About this task
With the line containing "关于第十届全国大学生光电设计竞赛 西南区赛有关事项的通知 (第一轮)" as the final line, restate exactly every line of the data below from the first one onward, and copy no pictures.

Data provided
BEGIN

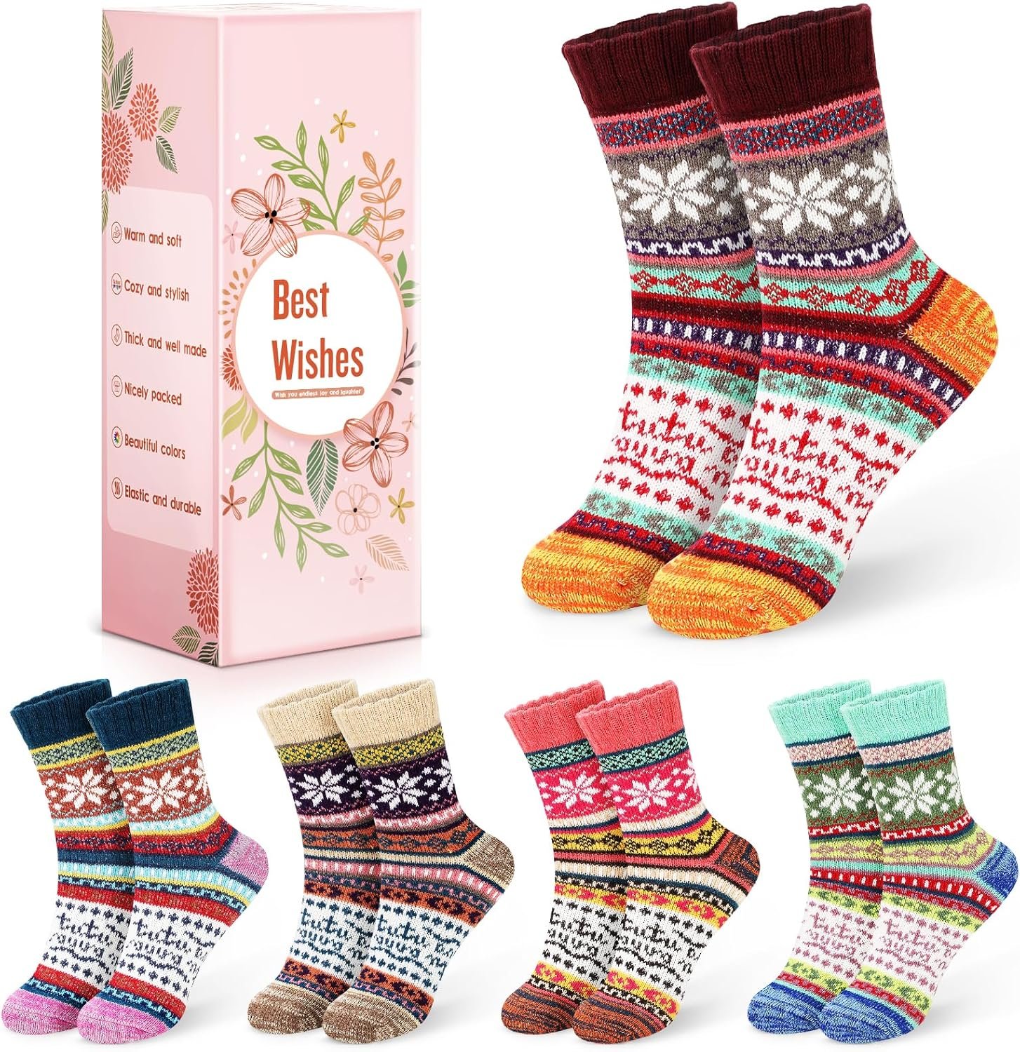 Wool Socks for Women, 5 Pairs Winter Socks for Women, Warm Socks for Women, Thermal Socks for Women Gifts Socks Women
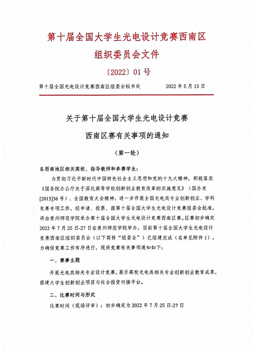 关于第十届全国大学生光电设计竞赛 西南区赛有关事项的通知 (第一轮)
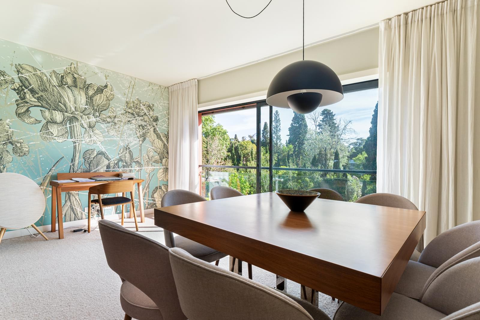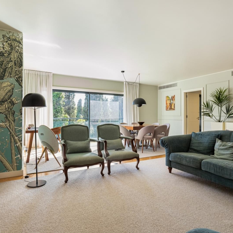 Excellent 3 bedroom apartment, with a 177 sqm private gross area, very bright, with a perfect separation between the private area and the social area, with a large dimensioned living room with 46 sqm and 3 bedrooms (one of them en suite with a closet). The kitchen is fully equipped and includes a laundry area. This apartment is integrated in an idyllic space, in Quinta de Sao Sebastiao, Paco do Lumiar. It is a luxury development, with a unique character, only a few minutes away from the city centre and airport, consisting of four buildings of low residential density. The condominium offers a set of amenities, such as a Health Club, swimming pools (outdoor and indoor heated), gym and a building of common use completely prepared and equipped for holding events. Inside this manor house there is an 18th century palace that stands out for its timeless nobility and beauty, which was the home of King D. Joao V, as shown by his coat of arms, embedded in the facade of the main building and the pavilion by the lake, to the imaginary of baroque tiles and stone benches in the garden. The majestic garden of the condominium, where you can enjoy a unique quality of life and privacy, extends over 14 thousand square meters, being full of statues, fountains, a swimming pool and small lakes, in an idyllic setting rethought in 1970 by the legendary Goncalo Ribeiro Telles, the leading figure of Portuguese landscape architecture, awarded with the Sir Geoffrey Jellicoe Prize, highest international distinction in the area. With direct access to the main roads of the city of Lisbon, served by a transportation network and surrounded by total security and privacy, it is still very close to services, local business, universities, hospitals, culture and green areas. Do not miss this excellent opportunity to enjoy a unique quality of life, serenity, security and privacy, integrated in a majestic green space, really close to the city centre. We are waiting for your contact to schedule a visit. Thank you. Property ID: PDF-PF30316 Price: €1,400,000 Property Size: 177.1 m2 Bedrooms: 3 Bathrooms: 3
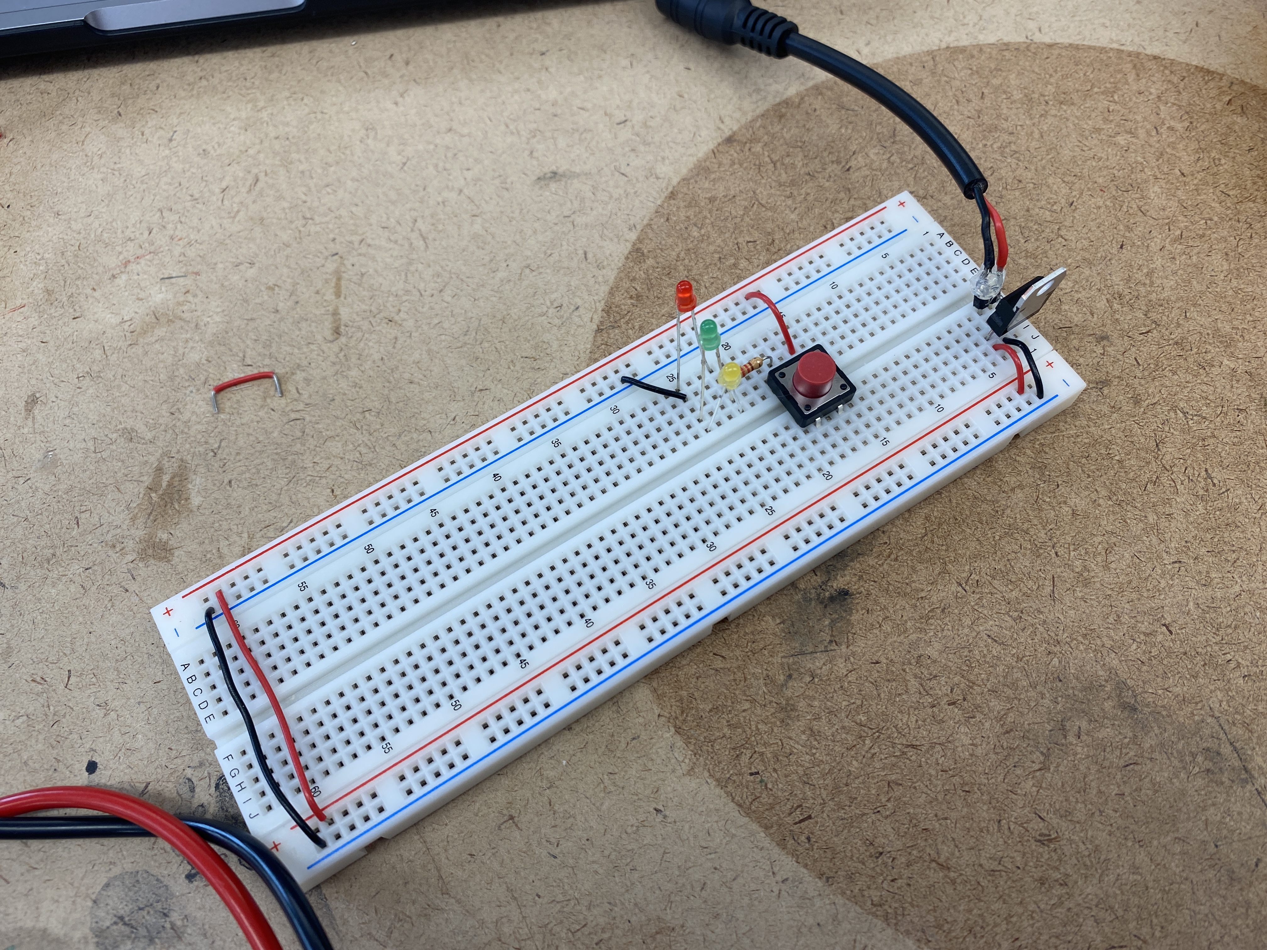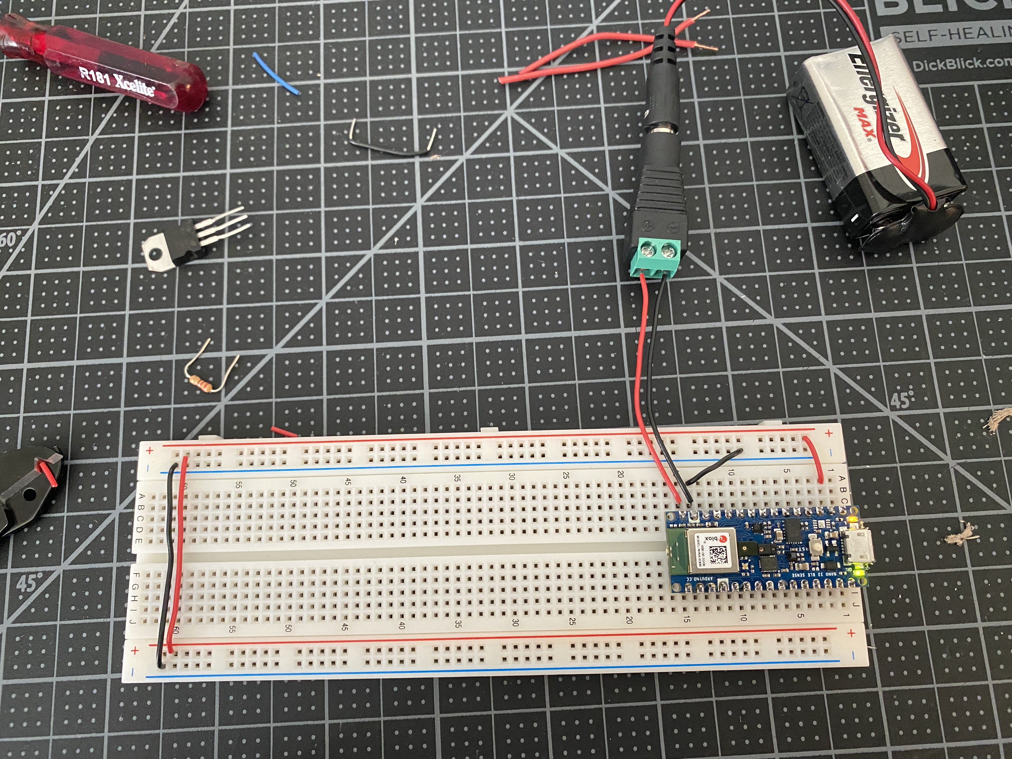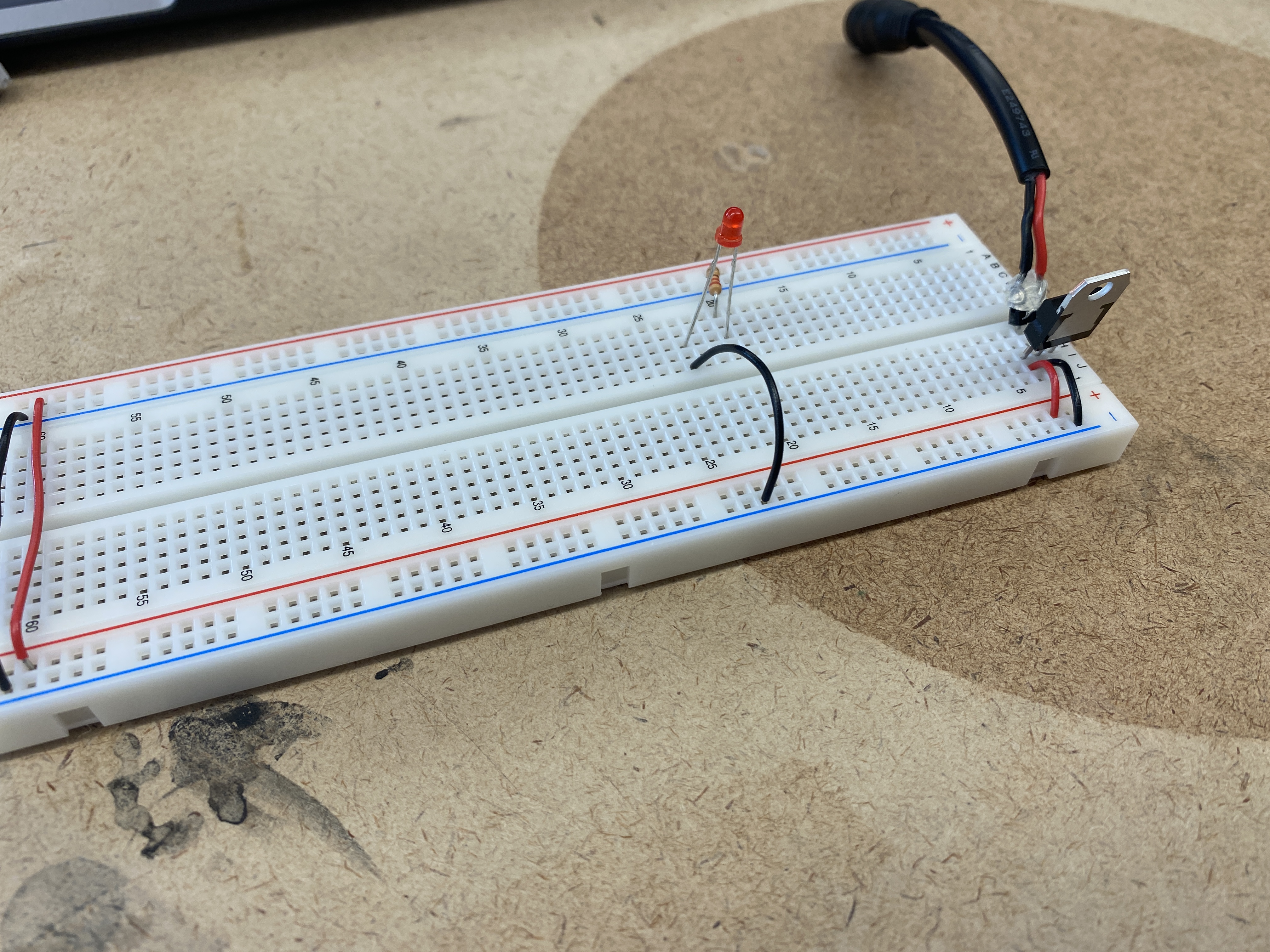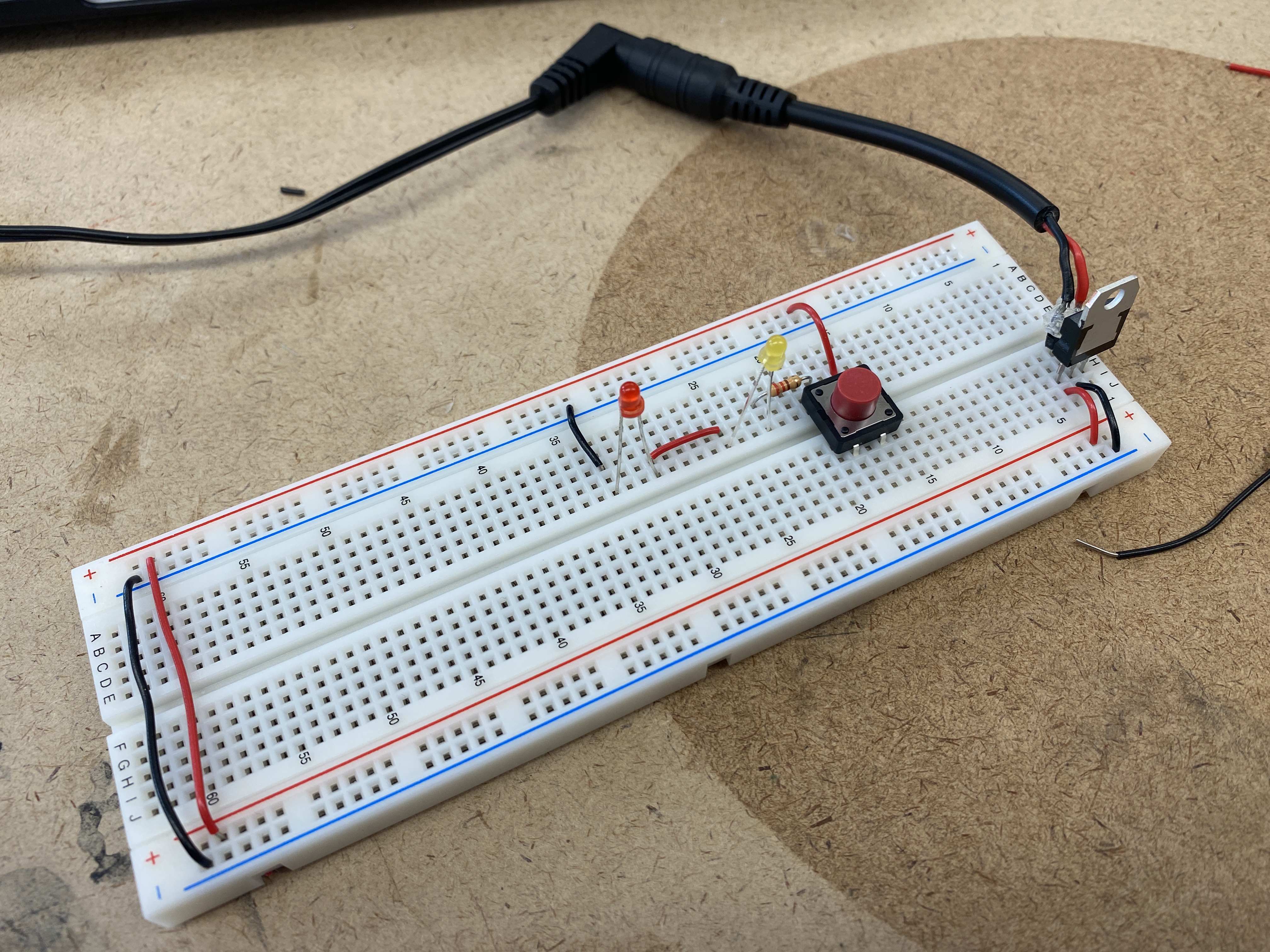 the breadboard's voltage bus. I did a test adding a switch and an LED off of the 5V regulator.

END

Answer below
 Wool Socks for Women, 5 Pairs Winter Socks for Women, Warm Socks for Women, Thermal Socks for Women Gifts Socks Women
 关于第十届全国大学生光电设计竞赛 西南区赛有关事项的通知 (第一轮)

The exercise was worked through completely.